Frank Krieger, director of compliance at secure cloud provider Iland, claims the security benefits are even more profound – and as an SME itself, Iland has seen those benefits first-hand. “GDPR has been the catalyst that helped propel compliance from a back-office function with oversight into specific domains into a pivotal role that ensures privacy and risk are addressed throughout the organisation. The side-effect has been more verifiable trust with our customers and more transparency in our operations,” he says.
Perhaps, ultimately, it is this potential to drive fundamental cultural change that makes GDPR such a powerful catalyst for wider business benefits. “GDPR will force a culture change and those that embrace it to its full extent will prosper the most,” says Richard Shreeve, consultancy director at Civica Digital, a software and digital services firm which provides support and GDPR consultancy to both the public and private sector. “Aside from trust and transparency, changing the way an organisation views and manages data can help improve decision-making, customer reach and customer satisfaction. Getting your data in order will lay the foundations for better insight, driving better services around what people want and need, as well as helping to reduce waste.”

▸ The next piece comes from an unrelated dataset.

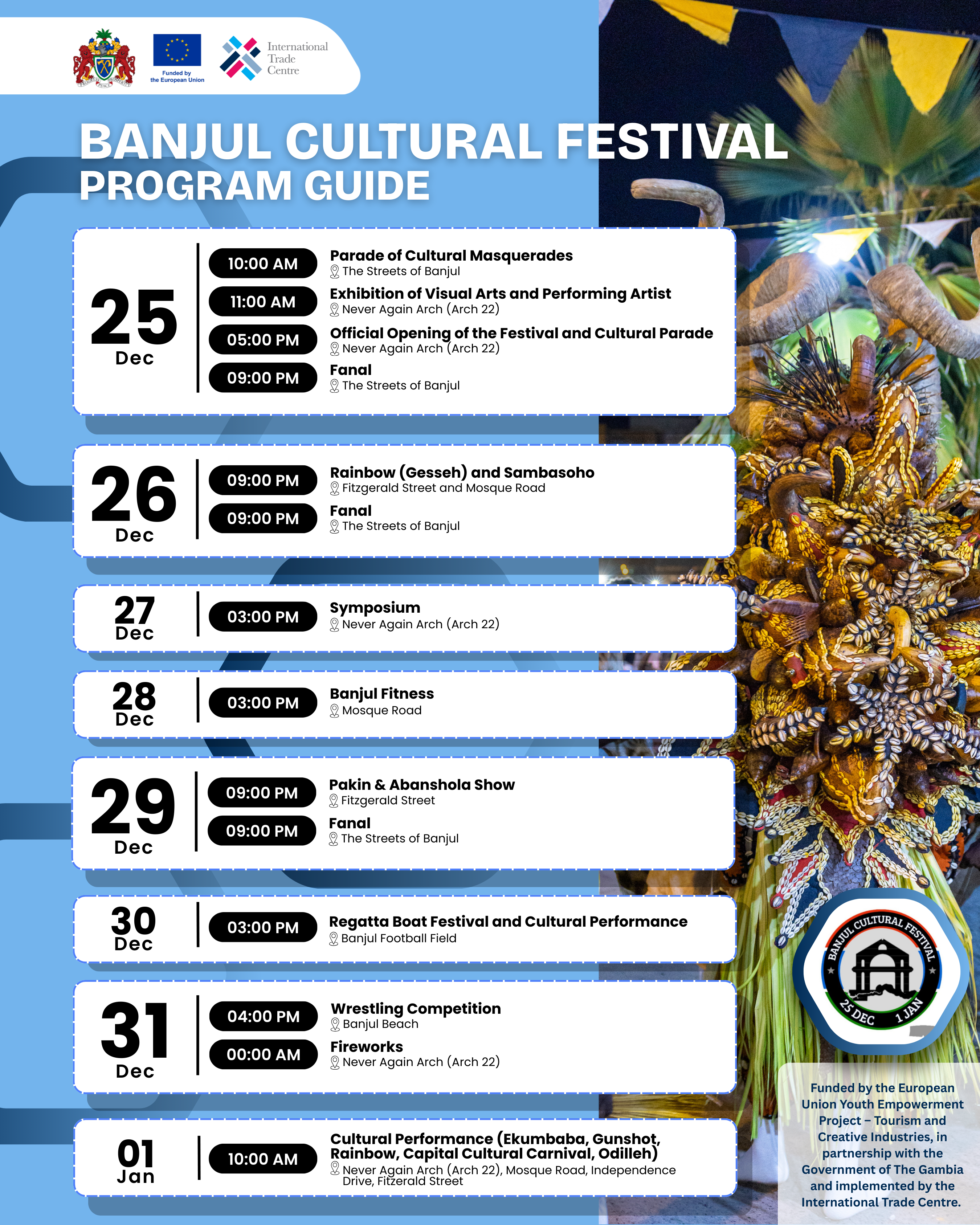 From 25 December to 1 January, Banjul celebrates the Banjul Cultural Festival.

And while he says there’s no denying the road to complying with the General Data Protection Regulation is hard, he thinks it’s time to look forward to the benefits the legislation will bring, because it’s these benefits that will give SMEs the crucial competitive differentiation they’ll need to succeed.

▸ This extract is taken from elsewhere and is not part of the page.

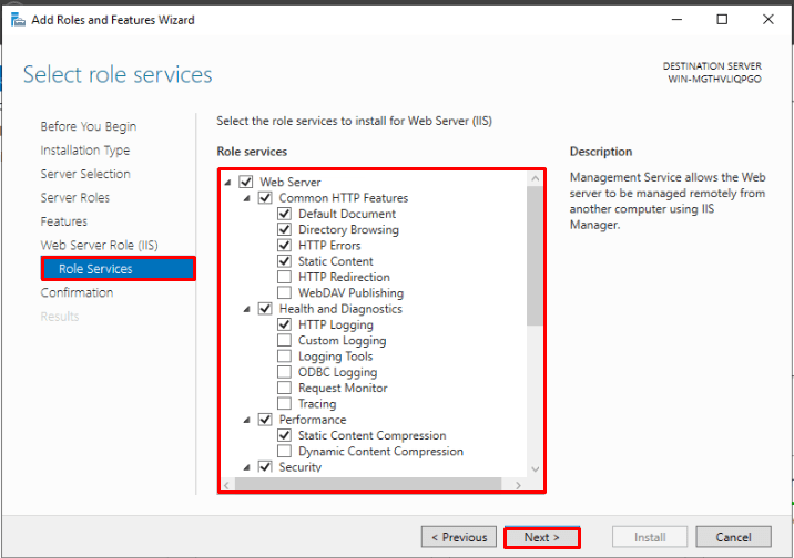 - On the Role Services page choose the services which you want to be installed with your Web Server.

Case study: Becrypt discovered unexpected benefits in preparing for GDPR
Only a small minority of UK SMEs have completed their EU General Data Protection Regulation (GDPR) preparation, but of those that have, many tend to be in the technology sector where there’s been more awareness of the looming deadline.

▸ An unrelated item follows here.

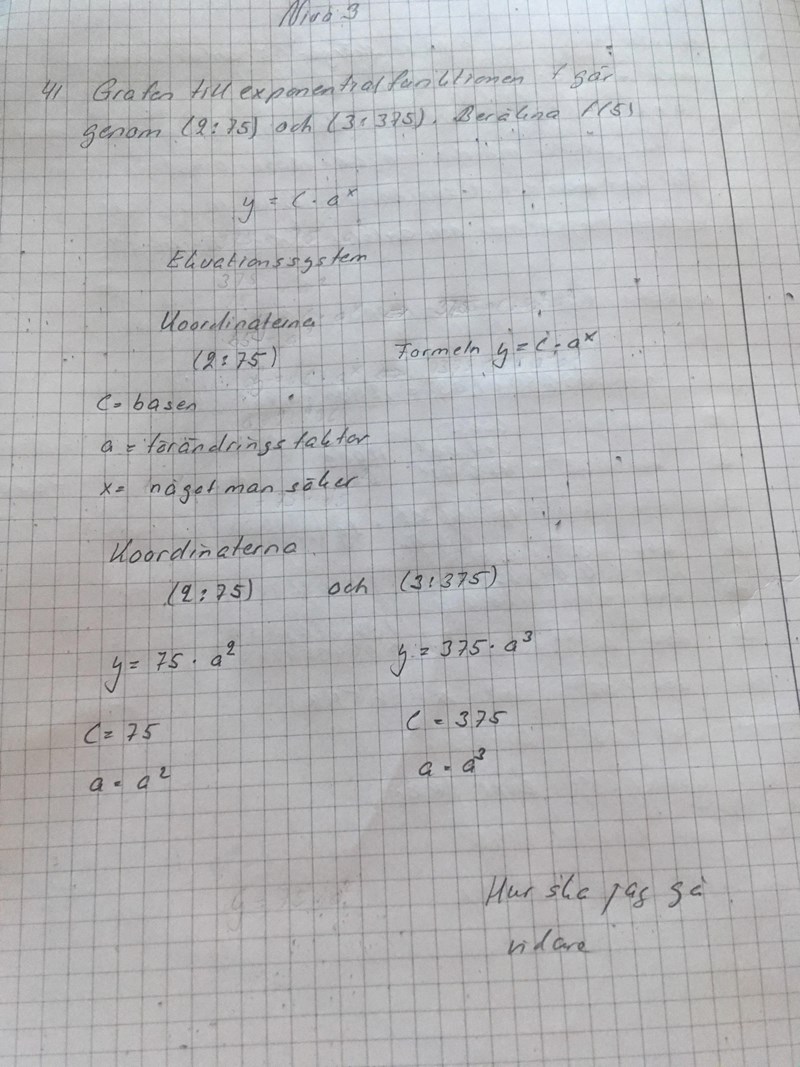 den ena ekvationen blir 75=Ca^2 och den andra blir 375=Ca^3

Becrypt, an SME data security specialist, found unexpected benefits from the process. Its CEO and co-founder, Bernard Parsons, says that when preparing for GDPR it’s impossible to think of compliance in terms of traditional box-ticking.
“We’ve applied frameworks like Cyber Essentials previously, which are good for getting basic security controls in place. But GDPR isn’t just looking at how you protect data, but at what data you’re holding in the first place and why, what the implications are if it’s lost, privacy, what happens when individuals start exercising their rights under the legislation and so on,” he says.
“That forced us to model our business processes more formally, which in turn allowed us to find efficiency savings, and simplify and improve how we were doing things in the business. It also prompted conversations about what we could do differently and more effectively, and where our principal risks were.”
Parsons adds that the process also gave rise to a much richer framework of decision-making in the business, both in terms of storing and processing data, but also when it came to protecting data.
“Thinking about how to do it in a way that made most sense in terms of our business priorities and how we are attempting to deliver value was an extremely valuable exercise, and while it was certainly broader than GDPR, there’s no doubt GDPR was the catalyst,” he concludes.